Literature DB >> 12675813

Protein-peptidoglycan interactions modulate the assembly of the needle complex in the Salmonella invasion-associated type III secretion system.

M Graciela Pucciarelli1, Francisco García-del Portillo.   

Abstract

The invasion-associated type III secretion system of Salmonella enterica assembles as a supra-molecular structure, termed needle complex, which spans the bacterial envelope. Here, we present evidence for protein-peptidoglycan interactions that modulate the assembly of this organelle. The presence of major membrane components of the needle complex (PrgH, PrgK and InvG) and InvH, required for efficient assembly of the organelle, was examined in peptidoglycan purified by extensive boiling of bacteria in 4% SDS. InvH, PrgH and PrgK, but not InvG, were detected in this purified material. InvH was present in the peptidoglycan in higher relative amounts than PrgH or PrgK, and was the only protein efficiently bound to peptidoglycan in cross-linking experiments. Analysis in mutants defective for needle complex proteins showed that the needle proteins PrgI and PrgJ and, to a lesser extent, InvH, sustain the association of PrgH and PrgK with peptidoglycan. In contrast, the association of InvH with peptidoglycan did not necessitate other needle complex proteins. Functional analysis showed that the association of InvH, PrgH and PrgK with peptidoglycan is abolished in live bacteria carrying structural modifications in the peptidoglycan.
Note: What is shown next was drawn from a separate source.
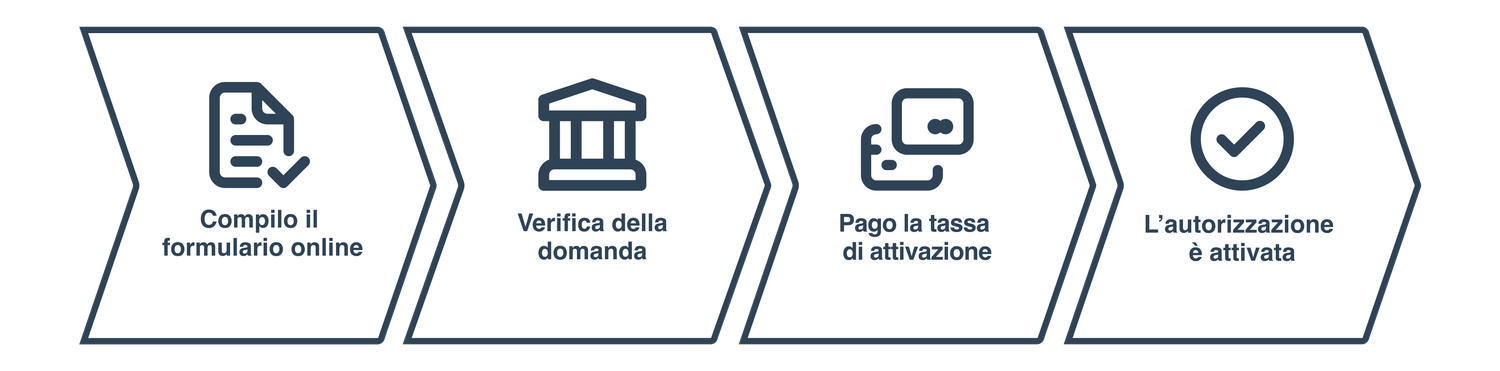 - Dopo la convalida dei documenti (che richiede all’incirca un mese) ricevo una lettera di conferma che mi invita a pagare la somma di CHF 50.- per il rilascio dell’autorizzazione. È possibile utilizzare tutti i comuni mezzi di pagamento (TWINT, carta di credito ecc.).

The loss of these interactions caused a marked reduction in the number of needle complexes and, concomitantly, in protein secretion and bacterial invasion of cultured eukaryotic cells. Altogether, these data provide the first evidence for an association between proteins of the Salmonella needle complex and the peptidoglycan. In addition, we demonstrate that these protein-peptidoglycan interactions are critical for an efficient and correct assembly of this specialized organelle.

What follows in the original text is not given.